Results and discussion

Effect levels
Sex:
female
Dose descriptor:
LD50
Effect level:
> 2 000 mg/kg bw
Based on:
test mat.
Mortality:
No intercurrent deaths occurred during the course of the study.
Clinical signs:
No clinical signs were recorded throughout the entire observation period.
Body weight:
The body weight of the animals was within the range commonly recorded for this strain and age.
Gross pathology:
No macroscopic findings were recorded at necropsy.

Applicant's summary and conclusion

Interpretation of results:
study cannot be used for classification
Remarks:
Migrated information
Conclusions:
The acute oral median lethal dose (LD50) of the test item in the female Wistar strain rat was > 2000 mg/kg bodyweight
Executive summary:

Introduction. Two groups, each consisting of thee female RccHan:WIST (SPF) rats, were treated the test item by oral gavage administration at a dosage of 2000 mg/kg body weight.

Method: The test item was formulated in PEG 300 at a concentration of 0.2 g/mL and administered at a dosing volume of 10 mL/kg.
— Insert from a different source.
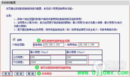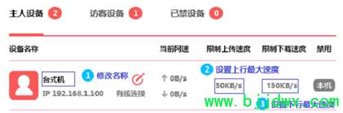 | 目前水星MW300R无线路由器,有V3、V4、V6、V9、V10、V11、V12、V15这么多版本,其中V3-V9版本的水星MW300R路由器,限制网速(分配宽带)设置方法一致。而V10-V15版本的水星MW300R路由器,限制网速(分配宽带)设置方法一致。版本号可以在路由器底部的标签中查看到,标签上Ver:后面的就是版本号。 一、V3-V9版本MW300R限速设置 1、划分宽带资源 在对V3-V9版本的MW300R路由器进行限速设置之前,请先弄清楚你的宽带大小?并对宽带资源进行合理大划分,下面进行距离说明:用户线路为4M ADSL线路(上行带宽512Kbps,下行带宽4096Kbps),需要保证台式机游戏、视频,其他终端可以正常浏览网页、QQ等应用。结合用户需求与总带宽,分配规则如下: 2、为台式机设置固定IP 根据第1步中的需求,台式电脑需要单独设置一个宽带值,所以这里需要给台式机设置一个固定IP地址(本例中将其设置为:192.168.1.10),后续在设置限速的时候,会用到。而其它设备的宽带资源大小都是一样的,所以IP地址就不用设置为固定值了。 3、设置限速 ①启用宽带控制 点击“IP宽带控制”——>勾选“开启IP宽带可能工作”选项——>设置“宽带线路”、“上行总宽带”、“下行总宽带”——>点击“保存”。 ②设置台式机限速 点击“增加新的条目”,按照图中指导添加控制台式机带宽的规则——>设置完成点击“保存”。 ③设置其它设备限速 点击“增加新的条目”——>“起始地址”和“结束地址”分别填写:192.168.1.100 和 192.168.1.199——>上行最小带宽为:200,最大带宽为:500——>设置下行带宽最小为:2500,最大带宽为:3500——>设置完成点击“保存”。 二、V10-V15版本MW300R限速设置 1、找到被限速的设备 在V10-V15版本MW300R路由器的设置页面,点击“常用设置”——>“连接设备管理”——>“主人设备”,然后找到需要被限速的设备。 2、设置限速 点击被限速设备后面的修改按钮,然后设置“限制上传速度”、“限制下载速度”即可。 |

The animals were examined daily during the acclimatization period and mortality, viability and clinical signs were recorded. All animals were examined for clinical sign within the first 30 minutes and approximately 1,2, 3 and 5 hours after treatment on day 1 and once daily during test days 2-15. Mortality/viability was recorded within the first 30 minutes and approximately 1, 2, 3 and 5 hours after administration on test day 1 (with the clinical signs) and twice daily during days 2-15. Body weights were recorded on day 1 (prior to administration) and on days 8 and 15. All animals were necropsied and examined macroscopically.
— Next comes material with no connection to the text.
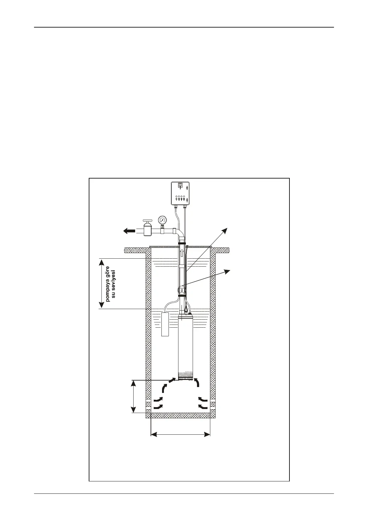 Pompa gövdesi daima tamamen suyun içinde bulunmalıdır.

Results: All animals survived until the end of the study period. No clinical signs were recorded throughout the entire observation period. The body weights of the animals were within the range commonly recorded for this strain and age. No macroscopic findings were recorded at necropsy. The median lethal dose of the test item after single oral administration to female rats, observed over a period of 14 days, is: LD50 (female rat): greater than 2000 mg/kg body weight.

Conclusion. Based upon the referred classification criteria (Regulation (EC) No 1272/2008 of the European Parliament and of the Council of 16 December 2008), the test item is not classified with respect to acute oral toxicity in the rat.